Ein Banner ist üblicherweise ein Bild mit fester Größe oder eine HTML5-Anzeige. Display-Werbung kann Banner, responsive Anzeigen, Rich Media, visuelle Anzeigen im Native-Style, Interstitials und Retargeting-Anzeigen umfassen.
Dieser Unterschied im Bannerformat Dies ist deshalb wichtig, weil Werbetreibende oft mehr als eine Werbemittelgröße oder Platzierungsart benötigen, um eine breite Wirkung zu erzielen.
| Faktor | Zeige Werbung an | Werbebanner |
| Bedeutung | Eine ganze Kategorie visueller Werbeformate | Ein bestimmtes Display-Anzeigenformat |
| Gängige Formate | Banner, responsiv, Rich Media, nativer Stil, Interstitial | Bild mit fester Größe oder HTML5-Anzeige |
| Am besten geeignet, | Reichweite, Tests, Retargeting, Multi-Format-Kampagnen | Einfache visuelle Kampagnen und Direktplatzierungen |
| Kreatives Bedürfnis | Verschiedene Größen, Botschaften und Layouts | Eine oder mehrere feste Bannergrößen |
| Skalierungspotenzial | Höher, da mehr Formate verfügbar sind | Eingeschränkter, wenn nur feste Größen verwendet werden |
| Haupt Augenmerk | Formatmix, Zielgruppenansprache, Quellqualität und Optimierung | Kreatives Design, Größe, Platzierung und Handlungsaufforderung |
Nutzen Sie Bannerwerbung, wenn Sie eine einfache visuelle Steuerung wünschen.

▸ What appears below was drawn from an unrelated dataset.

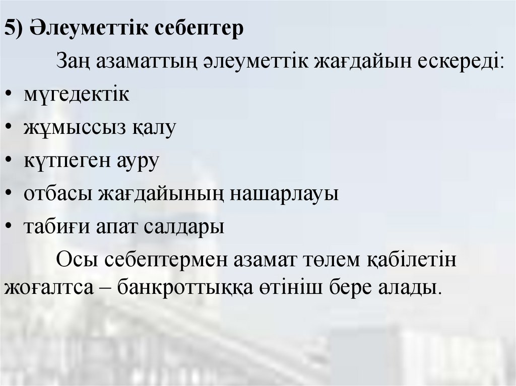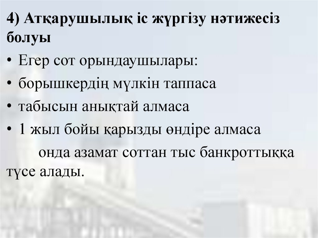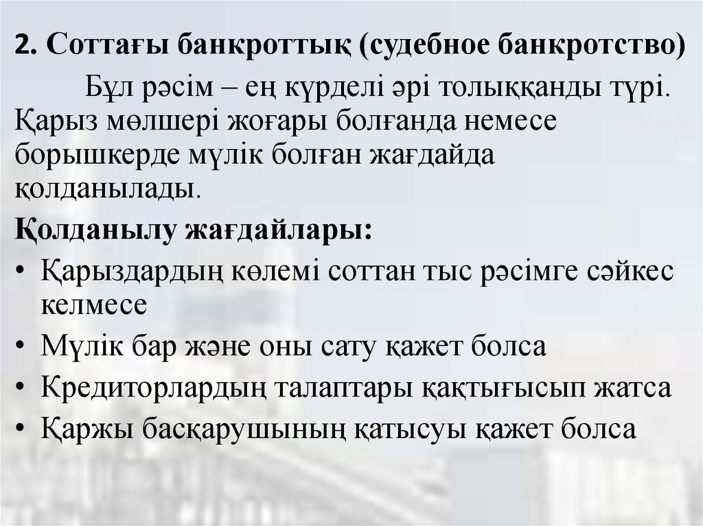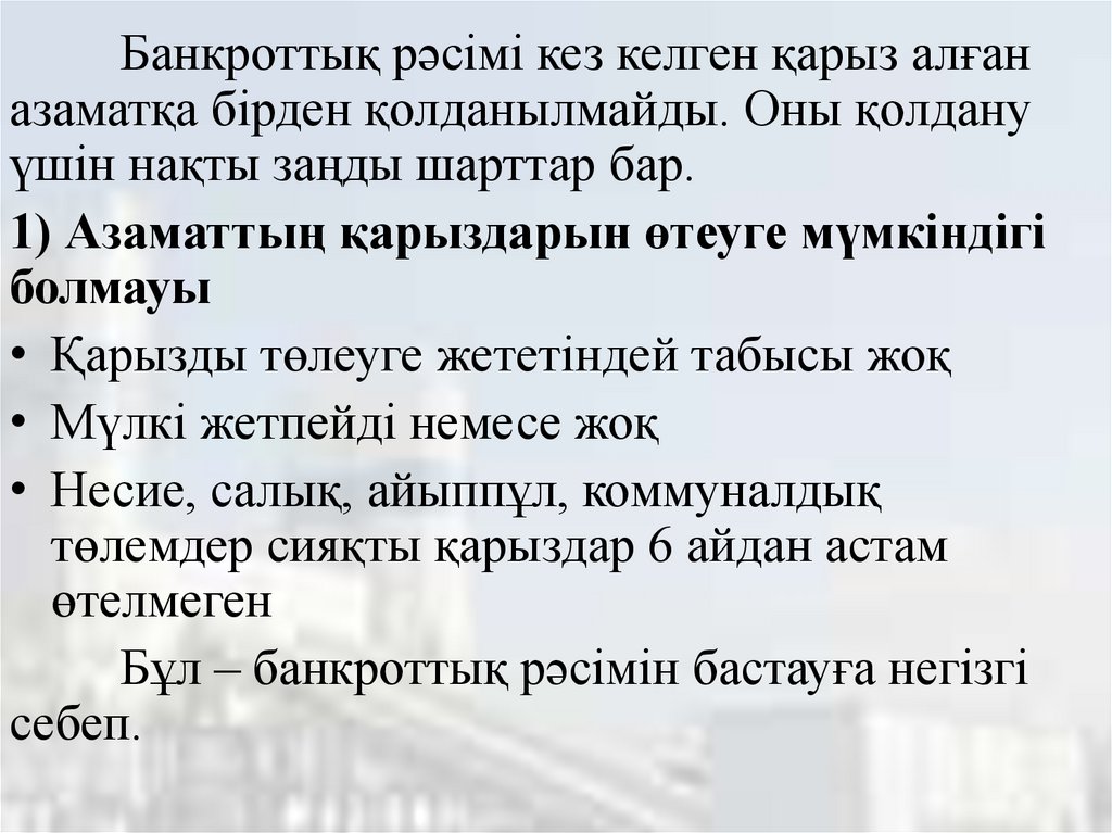 Бұл – банкроттық рәсімін бастауға негізгі
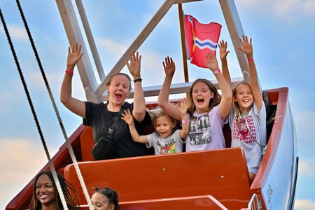 Loco Motion is a compact spinning coaster of the “Compact Spinning Coaster 123” model type, featuring a total track length of 403 feet (123 meters) and a maximum height of 16.5 feet (5.1 meters). The train accommodates 16 passengers and has a theoretical hourly capacity of around 370 riders. The ride is accessible to guests with a minimum height of 36 inches (90 centimeters). In addition to the coaster, two other classic rides have been added to the area: the “Galleon 42” pirate ship (Flying Louie) and the “Flying Carousel 64” wave swinger. Classic midway games round off the new family offering at the site.

Setzen Sie auf breit angelegte Display-Kampagnen, wenn Sie eine größere Reichweite, mehr Tests und eine größere Vielfalt an Platzierungen wünschen.
Display-Anzeigen vs. Native Ads
Display-Anzeigen sind visueller und direkter. Native Ads sind stärker inhaltsorientiert.
Native Ads passen sich in der Regel dem Erscheinungsbild der Seite an. Display-Anzeigen sind leichter als solche zu erkennen und verwenden oft klarere Bilder, Banner oder direkte Angebote.
A native vs. Display-Option Der Vergleich hilft Werbetreibenden, das richtige Format für das Angebot und die jeweilige Phase des Verkaufstrichters auszuwählen.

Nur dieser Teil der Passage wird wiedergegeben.